Our story
Almost every Muslim household in the UK has a cupboard, a shelf, or a box it doesn't like to think about. Inside are old copies of the Qur'an too worn to read. Prayer books inherited from a parent. Kids' madrasa workbooks. Torn pages that once sat on a bookstand. Nobody wants to throw them away — you can't, not in good conscience. But you also can't read them, gift them, or leave them on a loft floor forever.
We started BookBurial because we lived this ourselves. After losing a loved one, we were left with three boxes of religious books and no idea what to do with them. Driving to Gardens of Peace in East London was the only option we could find — and it meant a half-day round trip on a weekday, for anyone close enough to do it. Most people aren't.
What we do
BookBurial is a postal literature burial service, operating across the United Kingdom. You post us your books — at your own shipping cost — and we take care of everything from there:
- Each parcel is opened carefully, inventoried, and stored respectfully off the floor in a dedicated facility.
- Twice a year, we pool all received items and bury them at a partnered Muslim cemetery in a clean, private plot where no one will walk.
We charge a fair price — £7 per order plus £8 per kilo — which covers handling, the burial itself, the plot donation to our partner cemetery, and the administration around it. Bulk rates apply for mosques and schools.
Our commitment
We treat every parcel as if it were our own family's. That means:
- Nothing is opened casually. Contents are checked only to confirm what we've received and to shroud them for burial.
- Nothing is discarded.

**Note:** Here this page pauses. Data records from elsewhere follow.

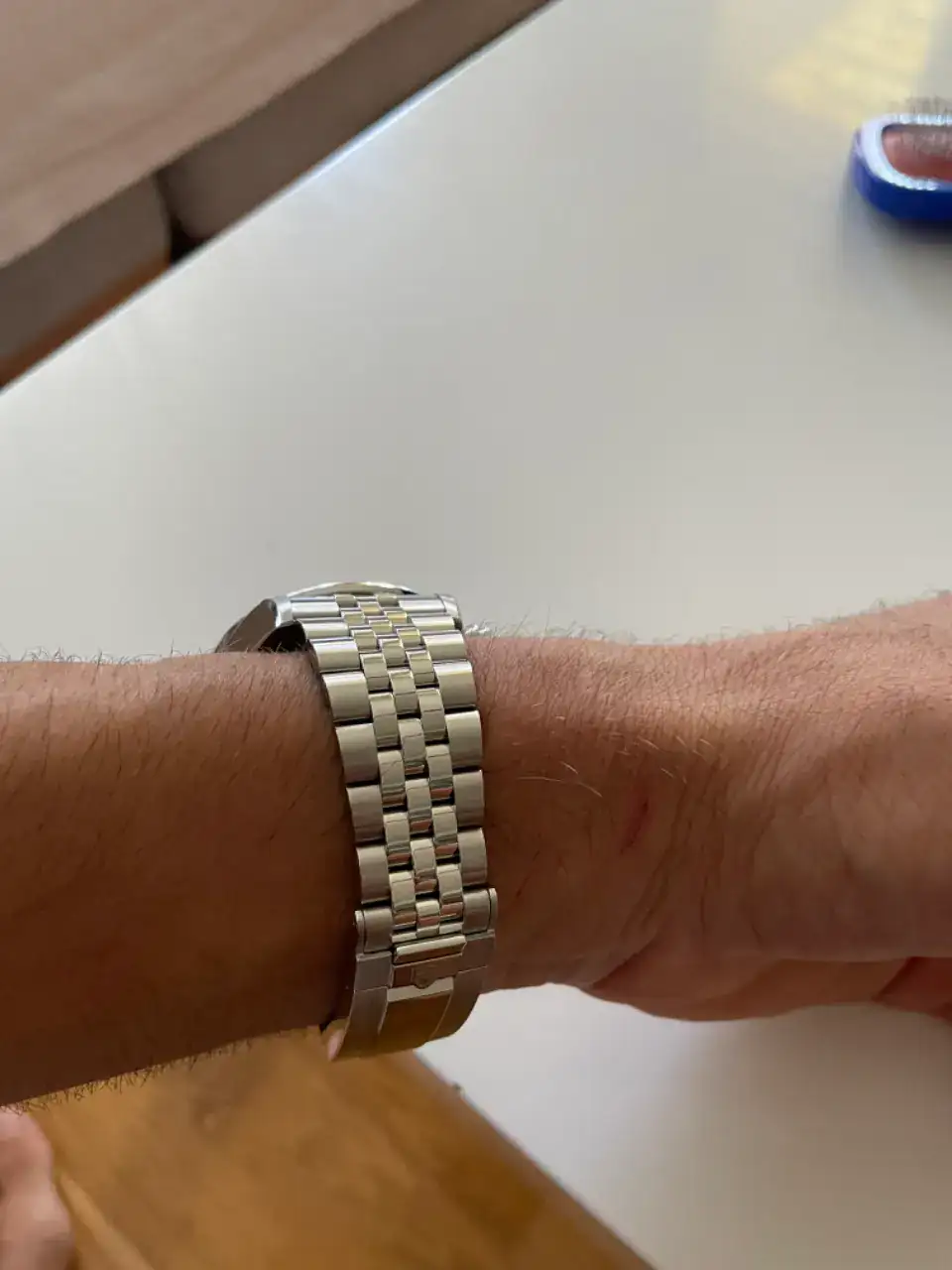 Al menos el eslabón de la caja de ese jubilee es "como dios manda" y no la aberración de medio eslabón que usa Rolex.El color no me gusta nada, pero lo de que lleve el nuevo brazalete es bastante novedad.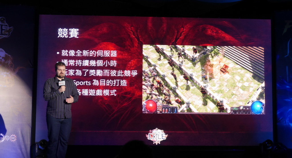 Grinding Gear Games 三位創始人執行長 Chris Wilson、程式總監 Jonathan Rogers、美術總監 Erik Olofsson 共同現身台灣,為台灣玩家介紹《Path of Exile》遊戲特色與未來想法。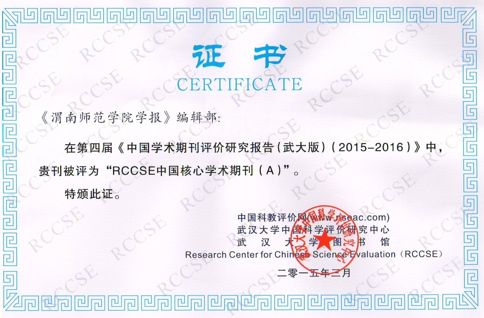 日前,由武汉大学中国科学评价研究中心(RCCSE)、武汉大学图书馆、中国科教评价网共同完成推出的第4版《RCCSE中国学术期刊评价研究报告——权威、核心学术期刊排行榜》公布。《欧宝娱乐官方app学报》在第四届《中国学术期刊评价研究报告(武大版)(2015—2016)》中被评为“RCCSE中国核心学术期刊(A)”,这是《欧宝娱乐官方app学报》首次进入RCCSE中国核心学术期刊(A)名录。

We only bury paper-based religious literature. Any non-paper items that arrive (CDs, ornaments, tasbih, prayer mats, electronics) are set aside and returned to you at cost — never thrown away without your instruction.
- Nothing is commercialised. Contents are never sold, photographed, or shared.
Who we partner with
We work with established UK Muslim cemeteries, masjid burial trusts, and other organisations that specialise in this kind of work. We don't name them publicly out of respect for their privacy and to avoid implying an institutional endorsement that they haven't given — but we welcome direct questions from families or scholars who'd like to verify.